# Precooked shish kabobs



## Helga

We need to cook shish kabobs (beef/chicken) for 60 people for our wedding reception and cannot afford a caterer.  

Is there a way to precook the kabobs the day/night before and then reheat for the reception?  What is the preferred method for the best product?

Thanks in advance!


----------



## Greg Who Cooks

Pre-cooking shishkabobs sounds like a recipe for disaster to me. I think you should consider something you can order in advance, take out and ready to serve.

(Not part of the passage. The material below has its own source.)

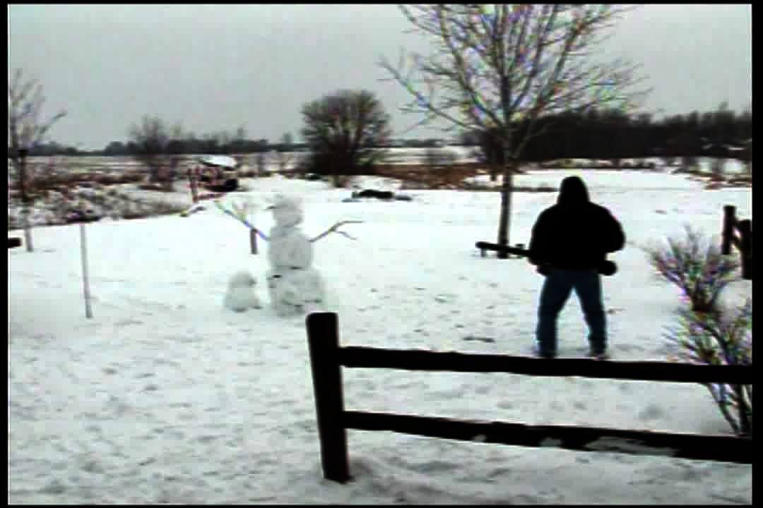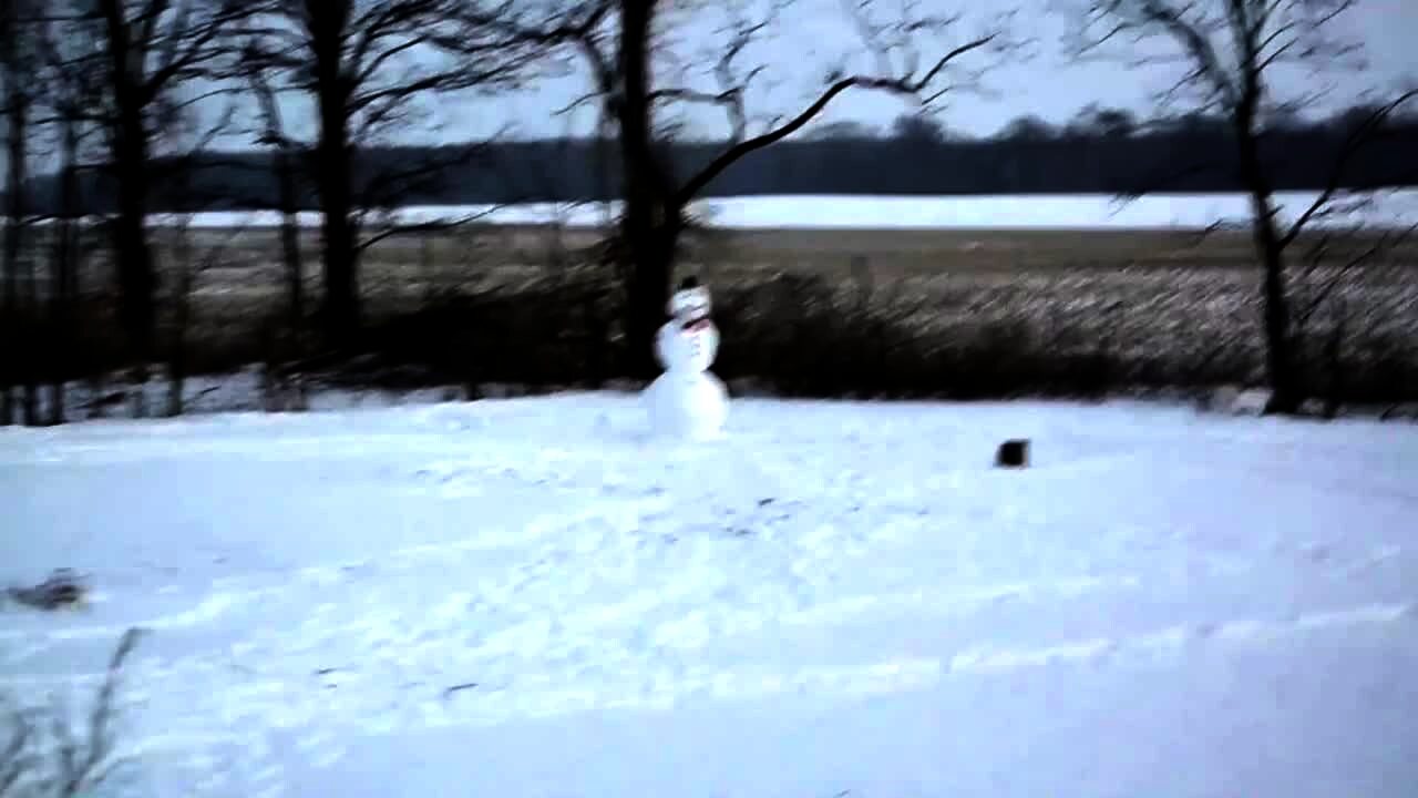 Man shoots a snowman with a potato gun, the snowman's head explodes.

Or if not that then cook something that is more forgiving, something that can be cooked in your oven. Even then, cooking for 60 in a residential oven sounds like over the top to me.


----------



## Cerise

If you have an oven or place to reheat, you can prepare them in the oven:

Oven Grilled Shish Kabobs | Shish Kabobs Recipe

I would pick up some disposable aluminium trays & cover them well.


----------



## Andy M.

You will end up with second rate food for your guests.  You can taste the difference in reheated chicken.  But the chicken and the beef will likely be drier.


----------



## Addie

Cerise said:


> If you have an oven or place to reheat, you can prepare them in the oven:
> 
> Oven Grilled Shish Kabobs | Shish Kabobs Recipe
> 
> I would pick up some disposable aluminium trays & cover them well.


 
I would also recommend that she use bamboo skewers soaked in water. And I figure she will need at least two per person. That is a lot of work for the day of the wedding or even the night before, just putting the skewers together. Perhaps she can place the different pieces in separate containers and let the guests put theirs together themselves. Just have plenty of napkins handy. The containers can be kept warm in the oven on a low temperature 200ºF. or just warm. Depends on your oven. I hope she has a couple of really good friends who will be williing to lend a hand. It is nice to hear of a homemade wedding. Nowadays everything has to be bigger, better and with more bling than the last wedding. 

Congratulation on your wedding. Good luck!


----------



## CWS4322

Helga said:


> We need to cook shish kabobs (beef/chicken) for 60 people for our wedding reception and cannot afford a caterer.
> 
> Is there a way to precook the kabobs the day/night before and then reheat for the reception?  What is the preferred method for the best product?
> 
> Thanks in advance!


Welcome to DC, Helga. Why did you opt for kabobs? If you have a couple of friends/family who can help, a nice spread of open-faced sandwiches and cold salads, some peel-and-eat shrimp, etc. might be easier:

Smörgåsbord


----------



## 4meandthem

If you don't have a choice and have to cook them the day before I suggest you seal them invacuum packs and reheat the bags in hot water.
I do this with leftover steak and Have had great results. You can hardly
tell the difference. Do Not boil the water just get it hot. I would not mix meats and veggies in the same bags either.


----------